[Research Seminar] Foundation of Mixture of Experts in Complex and Massive AI Models
About the Talk:
Since the release of the original Transformer model, extensive efforts have been devoted to scaling up the model complexities to take advantage of massive datasets and advanced computing resources. To go beyond simply increasing the network depth and width, Sparse Mixture-of-experts (SMoE) has risen as an appealing solution for scaling Large Language Models. By modularizing the network and activating only subsets of experts per input, SMoE offers constant computational costs while scaling up the model complexity, which often results in improved performances. Despite the initial success, effective SMoE training has been well-known to be notoriously challenging because of the representation collapse issue where all experts converge to learn similar representations or all tokens are only routed to a few experts. As a result, SMoE often suffers from limited representation capabilities and wasteful parameter usage. In this talk, to address its core challenge of representation collapse, we propose a novel competition mechanism for training SMoE, which enjoys the same convergence rate as the optimal estimator in hindsight. Second, we develop CompeteSMoE, a scalable and effective training strategy for SMoE training via competition. CompeteSMoE employs a router trained to predict the competition outcome in a scheduled manner. Thus, the router can learn high quality routing policy that are relevant to the current task. Lastly, we conduct extensive experiments to demonstrate strong learning capabilities of CompeteSMoE and show its promising scalability to large scale architectures.

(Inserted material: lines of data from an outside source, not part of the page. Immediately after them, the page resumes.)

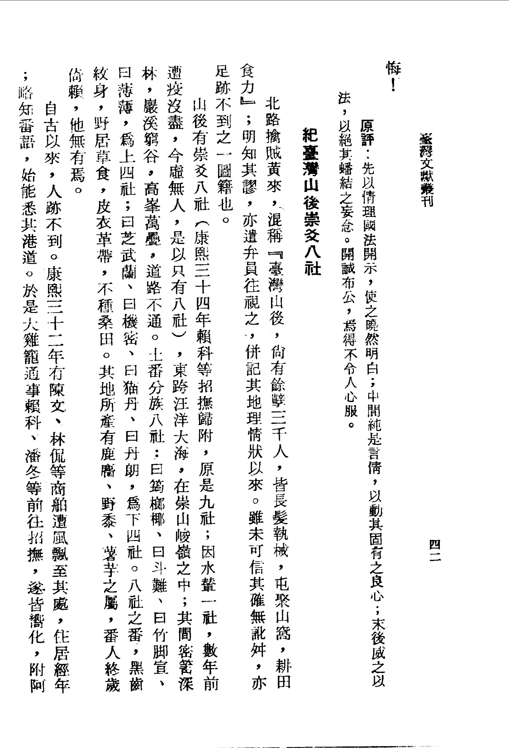 山後有崇爻八社(康熙三十四年賴科等招撫歸附,原是九社;因水輦一社,數年前遭疫沒盡,今虛無人,是以只有八社),東跨汪洋大海,在崇山峻嶺之中;其間密箐深林,巖溪窮谷,高峰萬疊,道路不通。
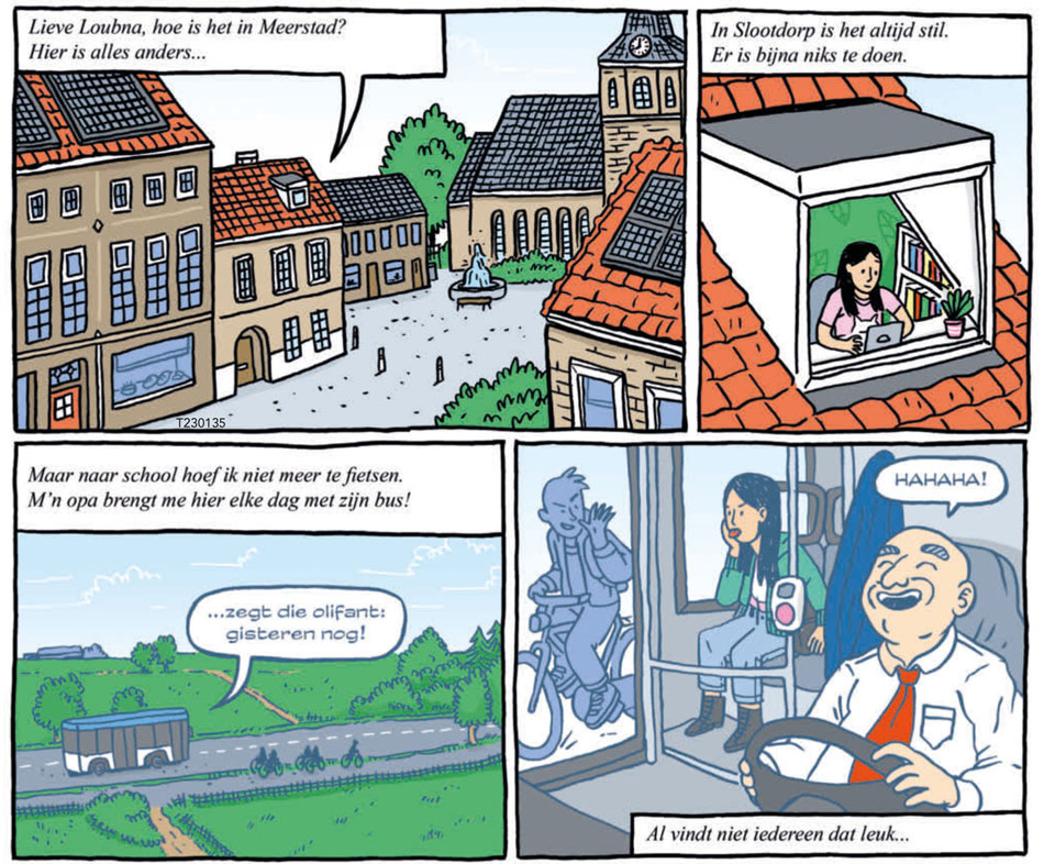 Combining her two studies, Ringelding has regularly created comics related to language or literature. Between 2016 and 2021, she wrote and illustrated book reviews for the literary paper Boekenkrant under the banner 'Lees&Teken'. For the children's magazine Brul!, she has made a number of comics about etymology, and for the publisher Loopvis, she has written and drawn mini-summaries of literary classics. From 2023 on, Ringelberg created stand-alone comic stories for the girls' magazine Tina, working from scripts by Johan de Rooij, Frank Jonker and Betje Ton. With Johan de Rooij, she has also made the 'Jantje' series of mini comics (2016), containing parodies of children's picture stories.
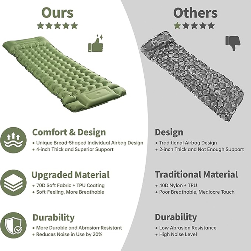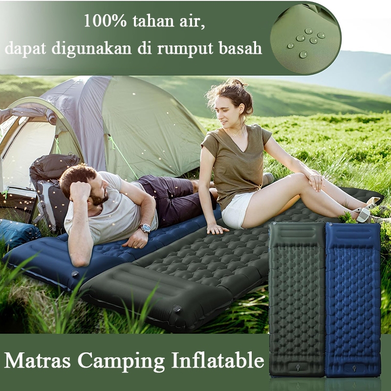 Inflatable Bed Mat Inflatable Berkemah Tempat Tidur Terbuka Yang Bisa Didorong 195 x 60cm Matras Camping Inflatable Berk
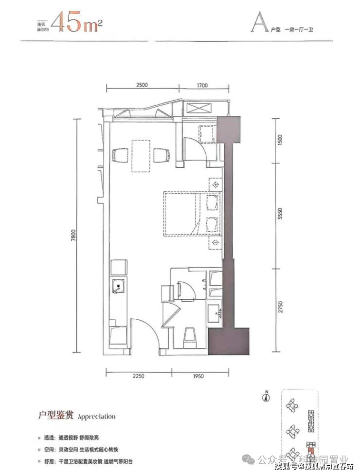 45㎡一房一厅 235-252万
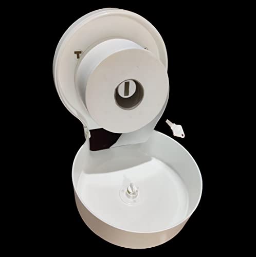Lacot - موزع مناديل تواليت صغير جامبو من لاكوت مع نظام قفل بمفتاح امان وغطاء متين غير قابل للكسر - لفة بحد اقصى 10 سم وقطر 23 سم (ابيض)
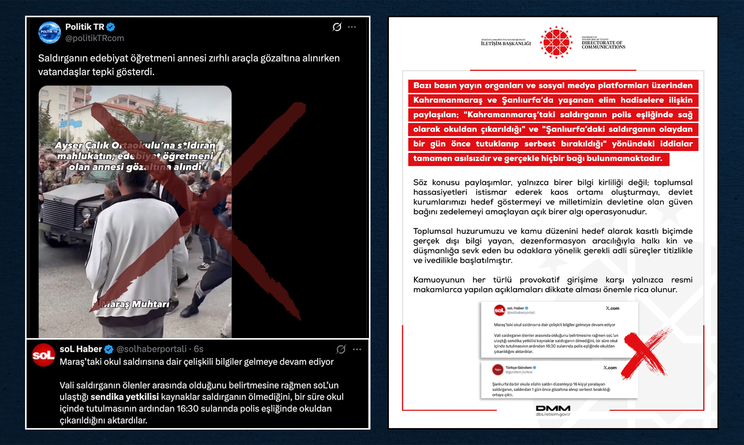 Cumhurbaşkanlığı İletişim Başkanlığı Dezenformasyonla Mücadele Merkezi (DMM); basın yayın organları ve sosyal medya platformları üzerinden Kahramanmaraş ve Şanlıurfa'da yaşanan saldırılara ilişkin paylaşılan, "Kahramanmaraş'taki saldırganın polis eşliğinde sağ olarak okuldan çıkarıldığı" ve "Şanlıurfa'daki saldırganın olaydan bir gün önce tutuklanıp serbest bırakıldığı" yönündeki iddiaların gerçekle hiçbir bağı bulunmadığını bildirdi:
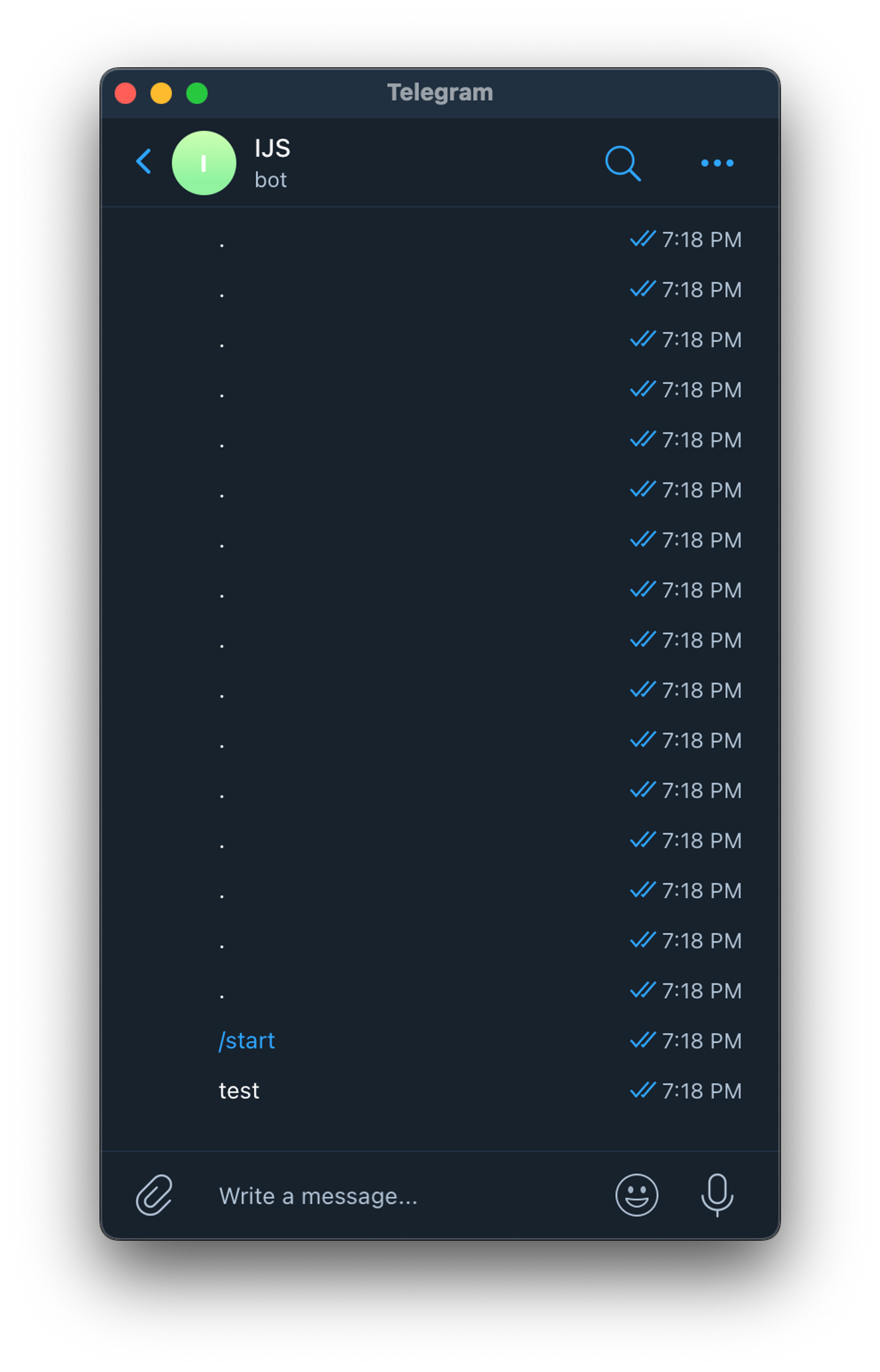 /start 명령어를 보낸 후 채팅을 걸어주세요.
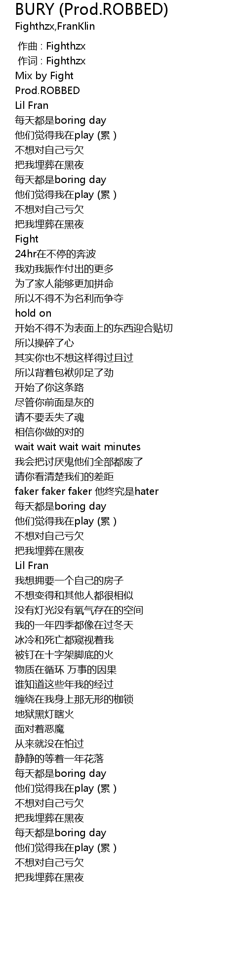 | [00:01.000] | 作词 : Fighthzx |
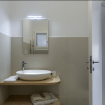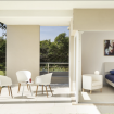 La villa dispone di quattro suites matrimoniali con grandi vetrate dominanti sul mare e con verande private delimitate solo da parapetti inox dalle linee essenziali i quali, come avviene nelle navi da crociera, consentono agli ospiti di percepire non solo con la vista ma anche con l’udito e l’olfatto la Natura in cui si è immersi, il sole che sorge ed il mare calmo che lo riflette, la brezza che agita le foglie, l’odore del sale e del mirto.
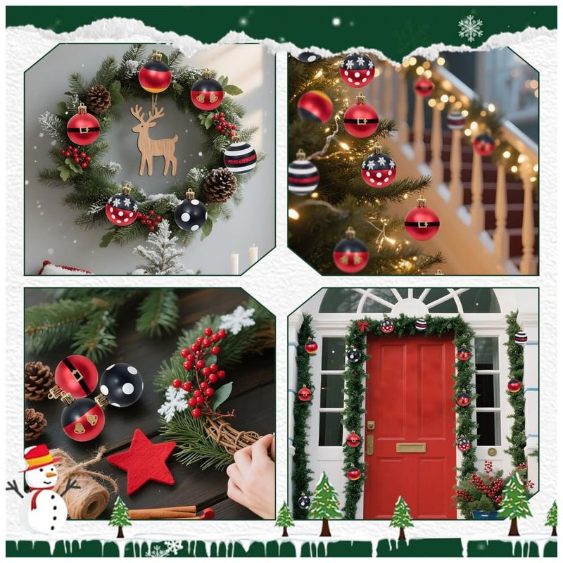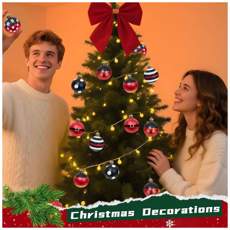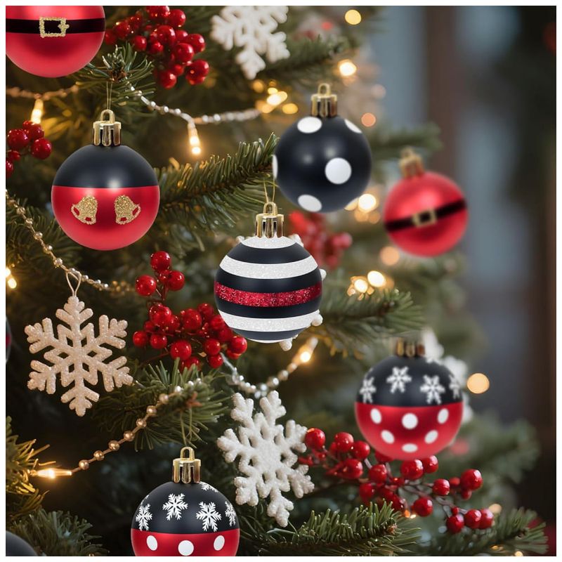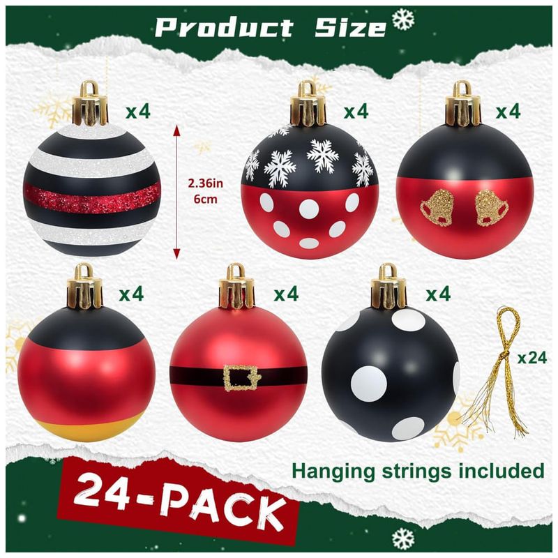 Enfeite seu Natal com alegria e um toque divertido com este conjunto de bolas de Natal inspirado em personagens, perfeito para famílias com crianças, festas temáticas e decorações diferenciadas. O kit inclui 24 bolas de 6 cm (2,36"), em cores vivas vermelho e preto, e 6 padrões cartoon, remetendo ao universo dos ratinhos clássicos das animações. Ideal para quem deseja um visual lúdico e seguro, pois são feitas em plástico resistente e antichoque, muito mais leves e seguras que as tradicionais bolas de vidro.
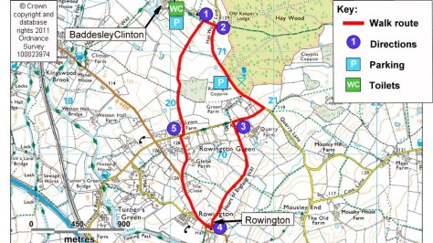 We set off through the churchyard of St Michael’s Church (1), and along the gravel road to turn right (2) on to Haywood Lane, and then, after about a mile, right on to Rowington Green.
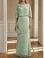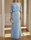 Todelt Linjeform Knelengde Gjestekjole til bryllup Kjole til brudens mor 3/4 ermer Løse skuldre Elegant Fest Formell Bryllupsgjest Chiffon Blonder Imitert silke med Sløyfe(r)
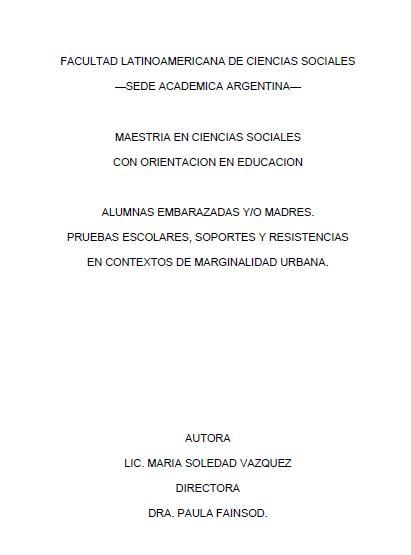 Vázquez, María Soledad (2013). Alumnas embarazadas y/o madres : pruebas escolares, soportes y resistencias en contextos de marginalidad urbana. Tesis de Maestría. FLACSO. Sede Académica Argentina, Buenos Aires.
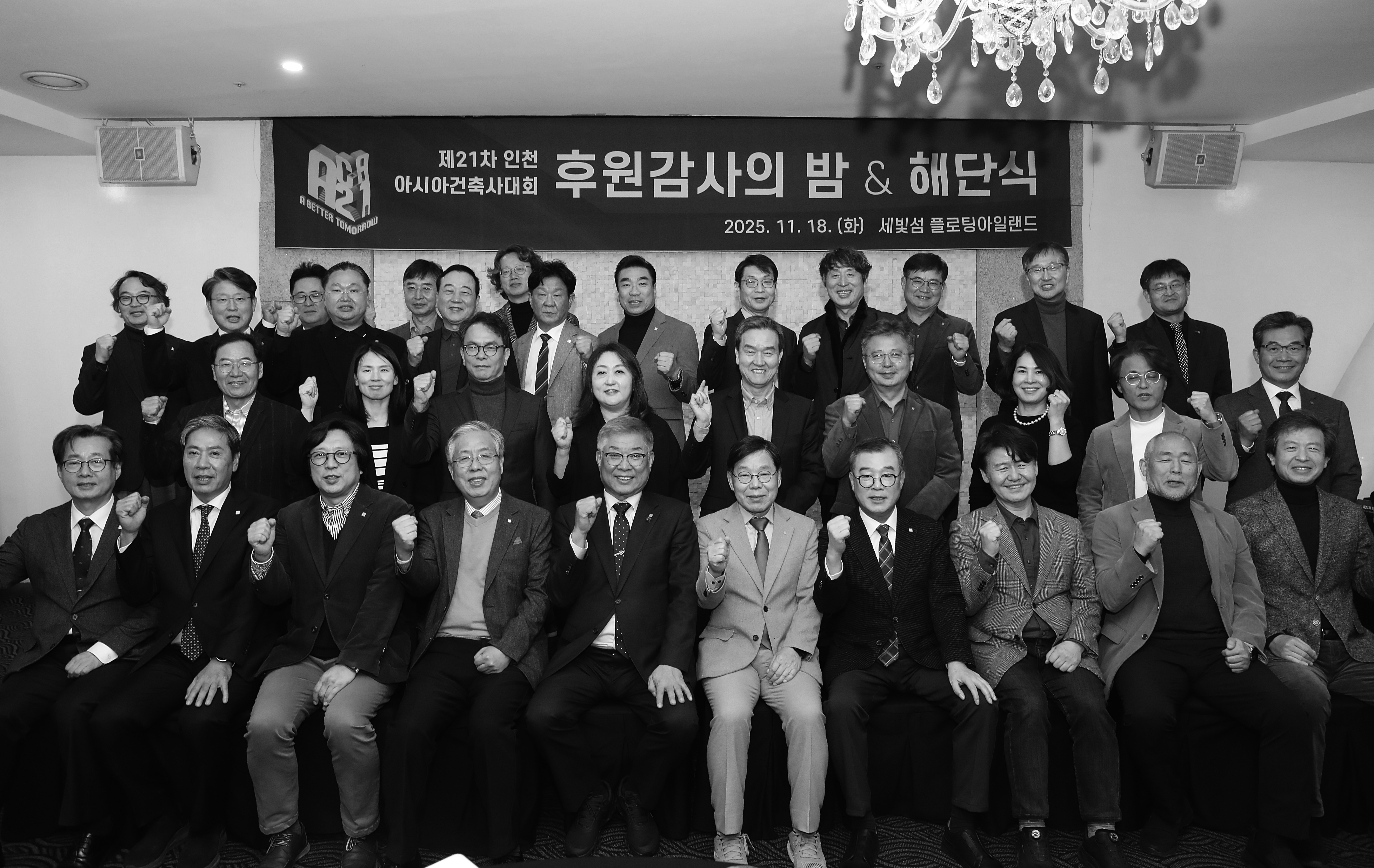 대한건축사협회는 11월 18일 서울시 서초구 소재 세빛섬 리브고쉬에서 ‘후원 감사의 밤 및 해단식’을 가졌다. 오후 6시부터 시작된 행사에는 대한건축사협회 김재록 회장과 임원, 제21차 인천아시아건축사대회 조직위원회 강성익 조직위원장과 위원, 후원사 대표 및 관계자 50여 명이 참석했다.

In the second part of the talk, we introduce a novel mixture-of-experts (MoE) framework, which we call FuseMoE, for handling a variable number of input modalities, which has remained an open challenge in multimodal fusion due to challenges with scalability and lack of a unified approaches for addressing missing modalities. FuseMoE incorporates sparsely gated MoE layers in its fusion component, which are adept at managing distinct tasks and learning optimal modality partitioning. In addition, FuseMoE surpasses previous transformer-based methods in scalability, accommodating an unlimited array of input modalities. Furthermore, FuseMoE routes each modality to designated experts that specialize in those specific data types. This allows FuseMoE to adeptly handle scenarios with missing modalities by dynamically adjusting the influence of experts primarily responsible for the absent data, while still utilizing the available modalities. Lastly, another key innovation in FuseMoE is the integration of a novel Laplace gating function, which not only theoretically ensures better convergence rates compared to Softmax functions, but also demonstrates better predictive performance. We demonstrate that our approach shows superior ability, as compared to existing methods, to integrate diverse input modality types with varying missingness and irregular sampling on three challenging ICU prediction tasks.
About the Speaker:
Nhat Ho is currently an Assistant Professor of Data Science and Statistics at the University of Texas at Austin. He is a core member of the University of Texas Austin Machine Learning Laboratory and senior personnel of the Institute for Foundations of Machine Learning. He is currently associate editor and area chair of several prestigious journals and conferences in machine learning and statistics. His current research focuses on the interplay of four principles of machine learning and data science: interpretability of models (deep generative models, convolutional neural networks, Transformer, model misspecification), stability, and scalability of optimization and sampling algorithms (computational optimal transport, (non)-convex optimization in statistical settings, sampling and variational inference, federated learning), and heterogeneity of data (Bayesian nonparametrics, mixture and hierarchical models).